DRBD

From OpenSSI

Jump to: navigation, search

Contents

Overview

DRBD for OpenSSI provides organizations and institutions a cost effective platform for deploying highly available clustered services. The primary focus of this technology is high availability in an OpenSSI environment. Our audience includes those seeking an effective "off-the-shelf" solution to increase availability of their enterprise applications, transactional databases, or network services.

DRBD provides highly available (HA) data storage, data protection, data redundancy, and data replication for Linux. The semantics of DRBD technology is similar to shared storage except DRBD only requires COTS hardware and an IP network. DRBD for OpenSSI enables users to deploy HA clusters without shared storage hardware.
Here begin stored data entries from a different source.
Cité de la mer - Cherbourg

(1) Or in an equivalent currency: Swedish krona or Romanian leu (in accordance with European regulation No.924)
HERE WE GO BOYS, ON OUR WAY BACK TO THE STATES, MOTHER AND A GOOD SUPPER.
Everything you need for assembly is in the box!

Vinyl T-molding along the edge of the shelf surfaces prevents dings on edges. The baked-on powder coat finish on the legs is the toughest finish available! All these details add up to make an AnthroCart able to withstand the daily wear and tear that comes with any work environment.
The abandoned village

This new technology transcends traditional DRBD limitations by incorporating OpenSSI advantages such as high-performance computing, process load-balancing, automatic service and network failover, active-active connection load-balancing (ie. UltraMonkey), shared root, shared IPC space, and single-point of management with high-availability in mind.
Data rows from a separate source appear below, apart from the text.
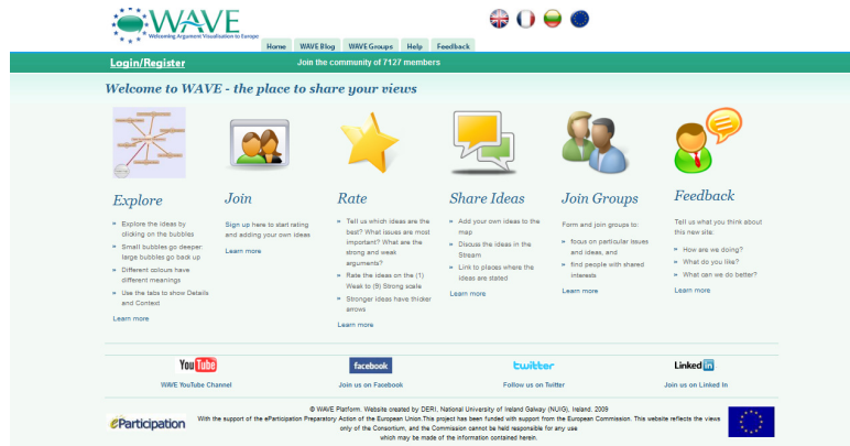
Fig. 1. WAVE Platform Home Page (EU pilot)
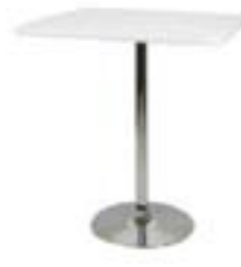
BT404 / BT405 SQUARE BAR TABLE Black, White 30"Sq.x42"H or 36"Sq.x42"H
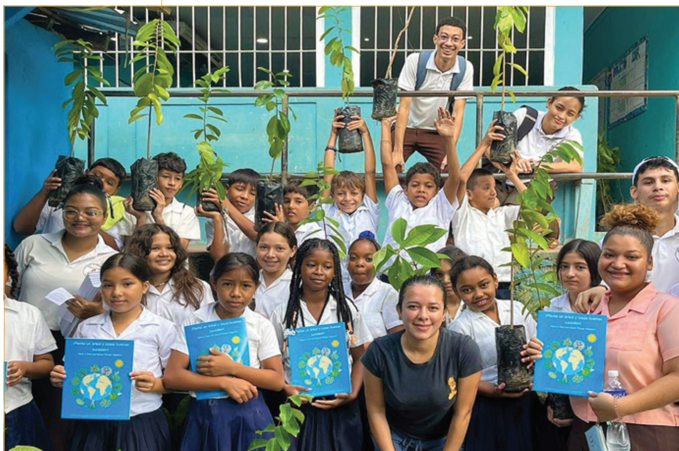
Environmental education for Escuela Arnaldo Auld in Coxen Hole, Roatan, Honduras.

Children are educated in and outside the classroom on the environment and importance of food bearing trees. They plant trees in the schoolyard and receive one to plant at home. The whole family benefits when the tree bears nutritious food in the backyard.
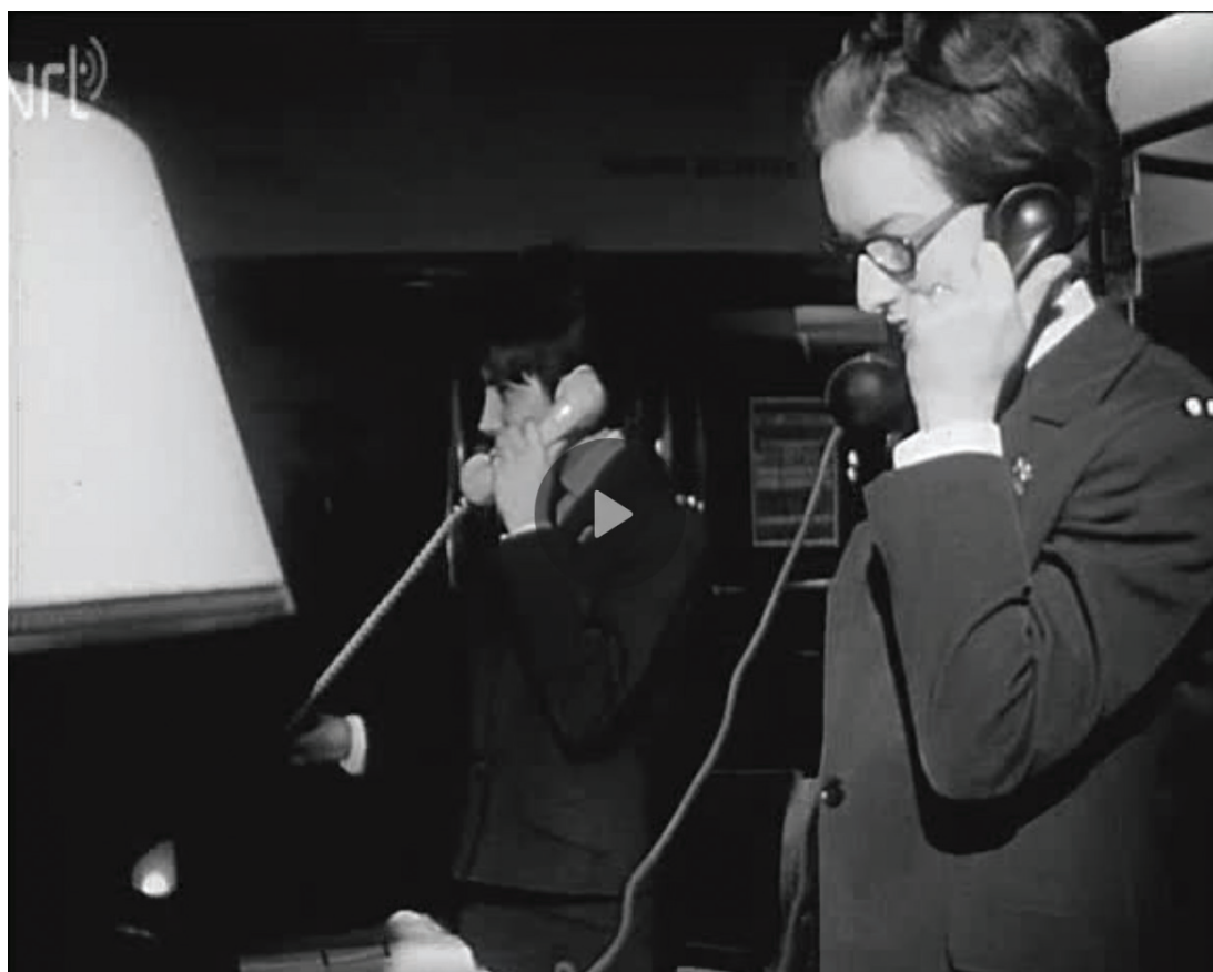
Video 2. Public Broadcast , VRT 1966. Go to the online version of this article to watch the video.

Openbare Omroep (Public Broadcast) (1966) which presents the Belgian VRT's public broadcasting building at the Place Flagey square in Brussels, is a more straightforward 'behind the scenes' documentary, showcasing the generic bustle of an office space over the technical power and know-how of the station. People pushing telephones and paper dominate, with roles between men and women much less visually defined. The moment of focus on technology features a montage of recording technologies ('01:36-'02:02), and while the voiceover suggests this is strongly technical work ('How many technicians spin the records?') the technologies do not look considerably different from that of home technologies – particularly the gramophone record, but also the ¼' tape - plus the operators themselves are barely shown. Indeed, only when the documentary turns to television (circa '02:05), do broad banks of technical equipment become strongly foregrounded - and among the technicians a woman is clearly visible ('03:27). Curiously, about the most consistently gendered technology on display throughout is the typewriter, which is only shown being operated by women.
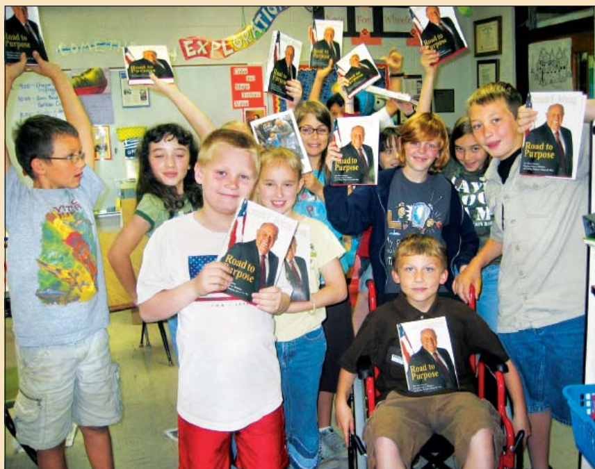
Tyson Tigers love "Road to Purpose".

an account of his personal journey that led to the creation of the Wheelchair Foundation , and the stories of people we have touched.

An OpenSSI modified DRBD tarball is available at http://www.openssi.org/contrib/drbd-ssi/ and at http://radian.org/~roger/drbd-ssi/

Requirements

Prior experience with DRBD will help tremendously.
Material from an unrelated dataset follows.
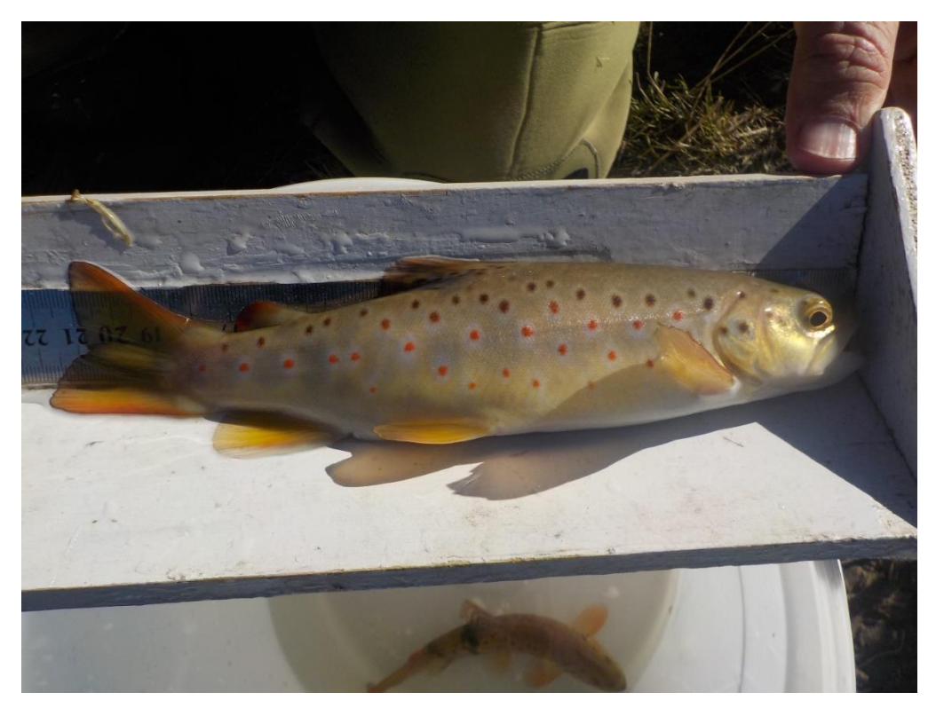
Figure 2: The second largest brown trout caught from the Park Burn.
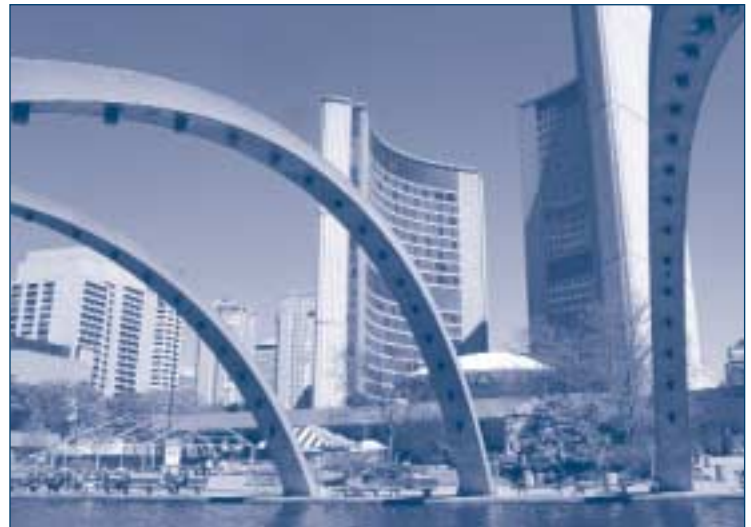
Toronto City Hall and Nathan Phillips Square

This interactive workshop, based on the Institute for Work & Health's experience with rehab professionals, will demonstrate how to develop a knowledge transfer strategy using opinion leaders .

  • Minimum recommended user level:
    • Linux systems: Intermediate to Advanced.
    • Linux networking: Intermediate.
    • Clustering: Intermediate.

Status

The status indicates the state of DRBD operation and DRBD failover in OpenSSI. The status is based on the latest available OpenSSI modified DRBD package.

DRBD is not a filesystem, but our modifications allow for seamless filesystem failover. Do not confuse this status with filesystem failover.

DRBD failover times are in the sub-second range in OpenSSI - excluding OpenSSI cluster manager timeouts.

OpenSSI-1.9

DRBD devices at /dev/drbd*. Requires an updated /sbin/mkinitrd and/or /bin/mount. Also s!drbd/0!drbd0 in /etc/rc.sysrecover and /etc/init.d/SSIfailover.

  • Debian: Good.
  • SUSE: Unknown.

OpenSSI-1.2

DRBD devices at /dev/drbd/*

  • Debian: Good.
  • Fedora Core 2: Stable.
  • RHEL: Unknown.

Roadmap

  • Automatic DRBD failover for highly available shared root CFS. 100% done. (stable) Jaideep, Roger.
  • Documentation for OpenSSI users. En-chiang, Aneesh.
  • Porting base changes to Debian OpenSSI. Aneesh.
  • Support complex multiple DRBD devices multiple local and remote CFS mounts. 100% done. (stable) Roger.
  • More reliable DRBD connection management to satisfy CFS requirements. 100% done. (good) Roger.
  • Multiple DRBD device failover using ci-linux for HA-CFS hardmounts. 100% done. (good) Roger.
  • Failover handling of StandAlone DRBD devices with ci-linux. 90% done. (Works on potential initnode's.) Roger.
  • DRBD split-brain recovery using ci-linux. 90% done. (testing) Roger.
  • OpenSSI initrd configuration to support DRBD compiled into kernel. 50% done. (kernel-2.6 only) Roger.


  • Support IO fencing to manage split-brain - eg. STONITH. 0% done. (drbd-0.8.x)
  • Support synchronous cluster filesystems to mount Primary/Primary - eg. Lustre, RedHat GFS, Oracle OCFS. 0% done. (drbd-0.8.x)
  • Enhanced split-brain recovery compatibility with ci-linux. 0% done. (drbd-0.8.x)

Performance Tuning

  • Increase al-extents.
  • Significant performance improvement with kernel-2.6 due to better IO schedulers. Use deadline IO scheduler.
  • Kernel: Recompile OpenSSI kernel for your system architecture, adjust backlogs.
  • Memory: Increase vm.lower_zone_protection to at least DRBD max-buffers.
  • Networking: QoS or dedicated network, MTU >= 4200, offloading, channel bonding, ...
  • Local storage (backing storage): RAID 0 (data striping)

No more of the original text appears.